Section 21 PICs Explained
Section 1 of the Act defines a PIC as “a written agreement entered into before the incorporation of a company by a person who purports to act in the name of, or on behalf of, the proposed company, with the intention or understanding that the proposed company will be incorporated, and will thereafter be bound by the agreement”. It further gives authority to the entering of a PIC under Section 21. Once incorporated, the company will then have to ratify the contract for the terms to become enforceable against it. In electing to ratify the PIC, the agent who initially entered into the contract for the benefit of the company will be discharged of all liability.
An essential aspect of PICs under the Act would be that the contract would need to be ratified within three months after incorporation. Ratification simply means that the company elects to approve the terms and obligations of the agreement formally. This can either be fully, partially or conditionally. The effect would be that the terms and obligations of the agreement would apply retrospectively (as if the contract was entered into by the company from the date it was signed). If no formal ratification or rejection takes place within the three-month period, the PIC would be regarded as ratified.
Suppose the company elects not to ratify the PIC. In that case, the third party may then hold the agent who entered the agreement liable for any damages it has incurred as a result of the company choosing not to ratify. This liability would be shared jointly and severally between all the agents if there was more than one who concluded the contract initially. This liability will additionally apply if the company is not subsequently incorporated or if the company rejects any part of the contract.
In the circumstance where the company subsequently chooses not to ratify the PIC fully, the agent would have the right to claim for any damages they incur on behalf of the company for any benefit the company obtains at the agent’s expense. It would follow that if the company chooses not to ratify the contract but enters a contract in its name under the same terms or to substitute the initial contract, the liability of the agent is then discharged.
The common law principle exists as an alternative which has, at the time of writing this article, not been invalidated by any legislation. Under the principle, the party entering into the agreement on behalf of the company yet to be incorporated does so, not as an agent (as with the PIC under Section 21) but rather as a principle and in their own name. The benefit of the contract would still be to serve the company to be incorporated.

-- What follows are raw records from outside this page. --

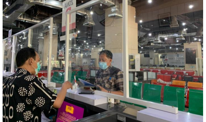
Pelayanan Loker Pengambilan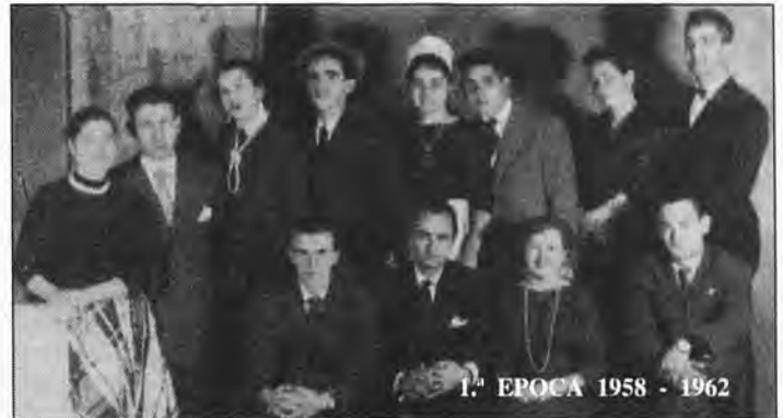
1.ª EPOCA 1958 - 1962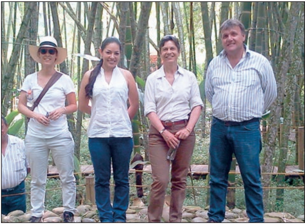
La embajadora visitó algunos guaduales certificados en la región

conocer el proceso que se adelanta con la guadua, ya que este es un recurso natural, de tradición en el Eje Cafetero.

Fundamental differences exist between a PIC under the common law as opposed to the Act. One such difference is the ratification period. Ratification by the company under the standard law contract need only be within a reasonable period from incorporation, depending on the facts of the matter. This would mainly depend on whether there was a time period included in the initial contract concluded.
If ratified, the agreement would not be retrospective from the date of conclusion of the contract but only from the date that the company was incorporated.

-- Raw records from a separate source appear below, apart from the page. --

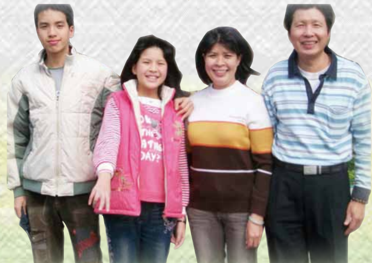
來自越南的蔡氏清水(右二)認真學習不放棄的愛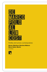
DE MARCO POLO AL LOW COST MARTÍNEZ SÁNCHEZ- MATEOS, HÉCTOR/RUBIO MARTÍN, MARÍA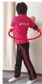
上体ひねり(左右・斜め上)

In addition to the above, the common law version of the PIC would not carry personal liability for the principle contracting for the benefit of the company, as the agent would be under the Act. Therefore, if the company is not eventually incorporated, the contract simply carries no obligations for any party thereto unless such liability is included explicitly as a term of the contract.

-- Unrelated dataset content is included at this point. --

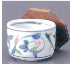
フ398-45-2 色唐草飯器(蓋付) (φ11.5×9.6cm) ¥1,520 2109396023 フ398-46-2 色唐草飯器(身) (φ11×8cm) ¥1,280 2109396024

Depending on whether you find yourself involved with PICs as a third party, agent or principal, the above considerations would be necessary for ensuring peace of mind. Dependent on your role in the relationship, you would seek to carry as much authority with as little liability as possible as a pre-caution against things going side-ways. For this reason, it is always recommended that you consult with an experienced professional before entering into any form of PIC.